==== DATA TO USE
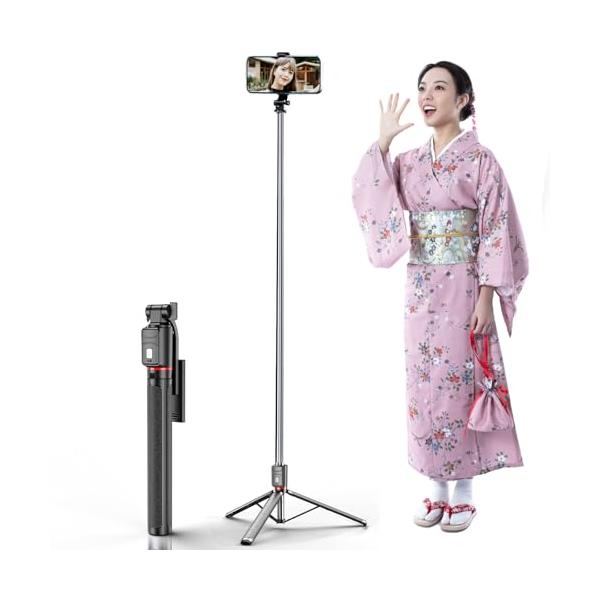 スマホ 三脚 卓上三脚・ミニ三脚 自撮り棒 iphone スマホスタンド設計強化180cm撮影 150cm以上 セルカ棒 360°回転 軽量 卓
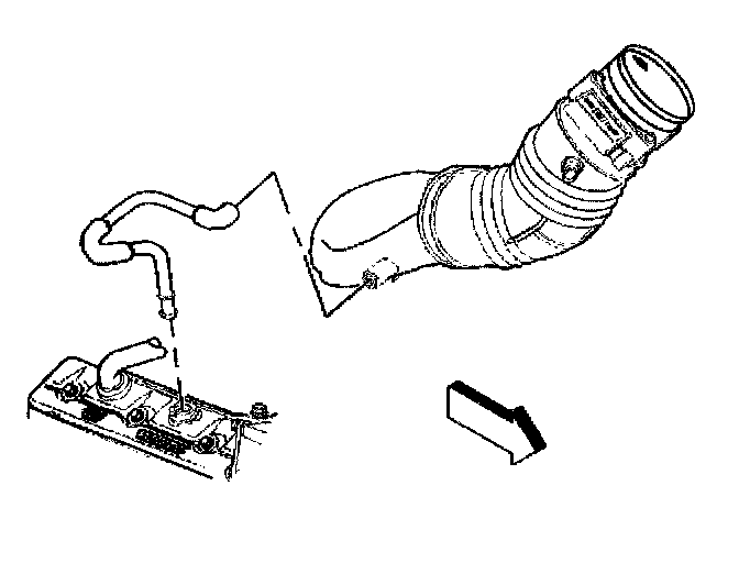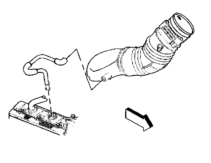 7. Install the PCV hose in the valve rocker arm cover and to the air inlet duct.
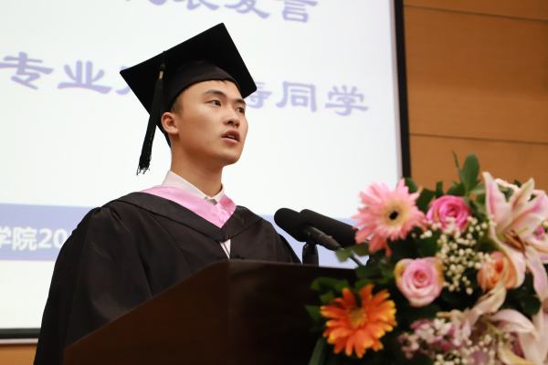 已推免至重庆大学继续攻读硕士研究生的2015级行政管理专业寇桂涛同学作为本科毕业生代表发言。他在发言中回忆了四年来和老师同学们相处的难忘时光,和大家分享了自己在公管学到的可贵品质,希望和大家共勉,在未来的学习工作和生活中,能够勤于钻研、善于合作、勇于创新并且甘于奉献。
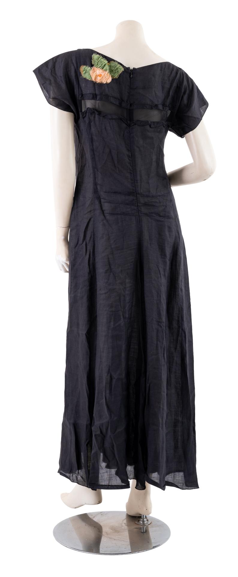 Abito lungo in lino nero con scollatura a barca e manica corta, applicazioni di rose in seta. Etichetta di produzione. Taglia 40.
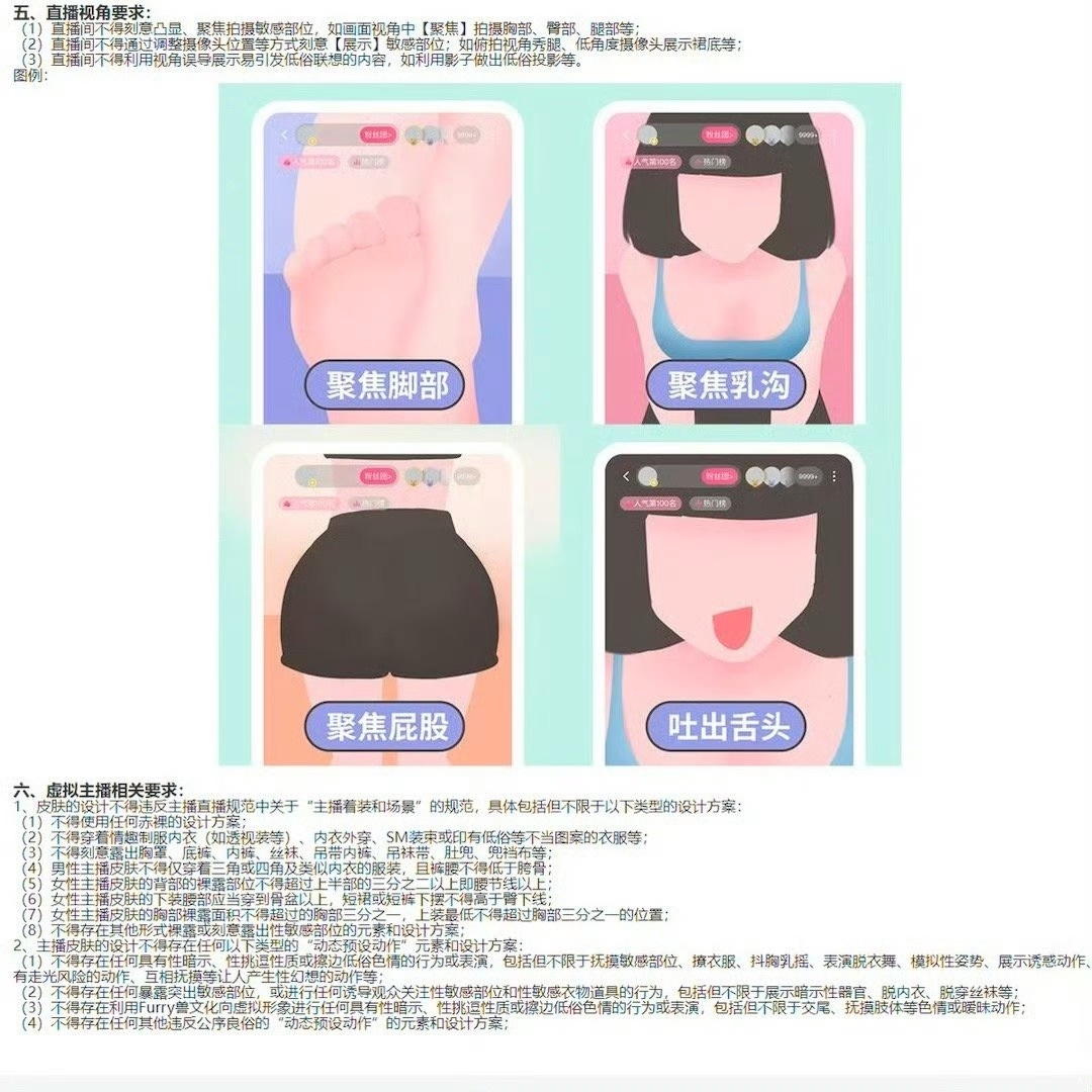“低俗擦邊”、“裸露穿着敏感”、“賣醜搞怪”等在內的多種違規行爲,並公佈了參考圖。
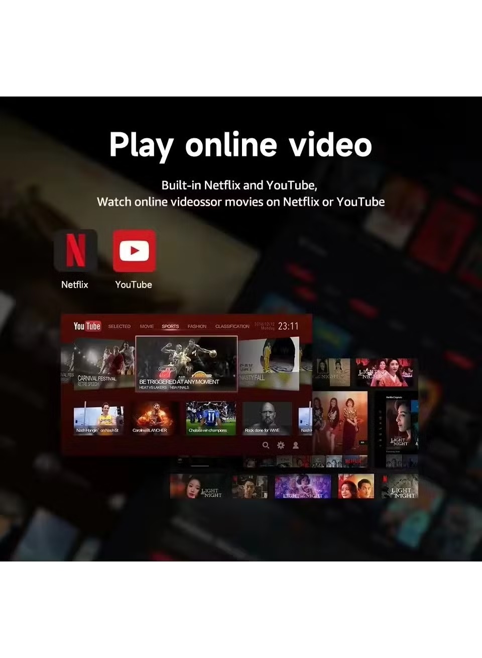 - Access popular apps like YouTube and Netflix, along with mirror projection capabilities.
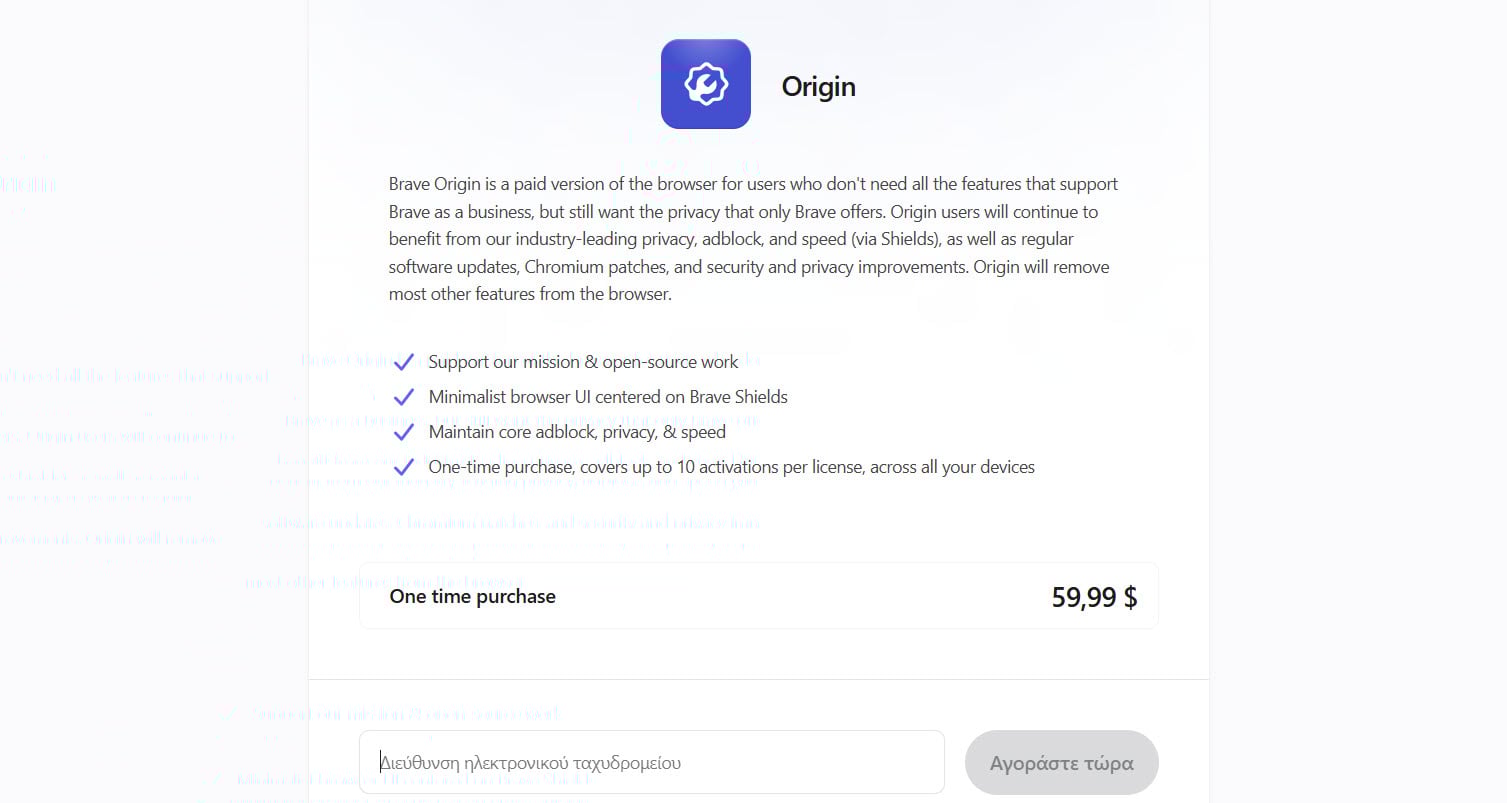 Το πρόγραμμα περιήγησης Brave «παρουσίασε το Brave Origin, μια απλοποιημένη έκδοση του προγράμματος περιήγησής του που αφαιρεί τις ενσωματωμένες λειτουργίες δημιουργίας εσόδων όπως οι Ανταμοιβές και άλλα πρόσθετα που συνδέονται με το επιχειρηματικό του μοντέλο.
========
_ASSIGNMENT:_ Return exactly the part of the listing above that opens with the line containing "7. Install the" and closes with the line containing "- Access popular". Pictures stay out.

_RESPONSE AREA:_
 7. Install the PCV hose in the valve rocker arm cover and to the air inlet duct.
 已推免至重庆大学继续攻读硕士研究生的2015级行政管理专业寇桂涛同学作为本科毕业生代表发言。他在发言中回忆了四年来和老师同学们相处的难忘时光,和大家分享了自己在公管学到的可贵品质,希望和大家共勉,在未来的学习工作和生活中,能够勤于钻研、善于合作、勇于创新并且甘于奉献。
 Abito lungo in lino nero con scollatura a barca e manica corta, applicazioni di rose in seta. Etichetta di produzione. Taglia 40.
“低俗擦邊”、“裸露穿着敏感”、“賣醜搞怪”等在內的多種違規行爲,並公佈了參考圖。
 - Access popular apps like YouTube and Netflix, along with mirror projection capabilities.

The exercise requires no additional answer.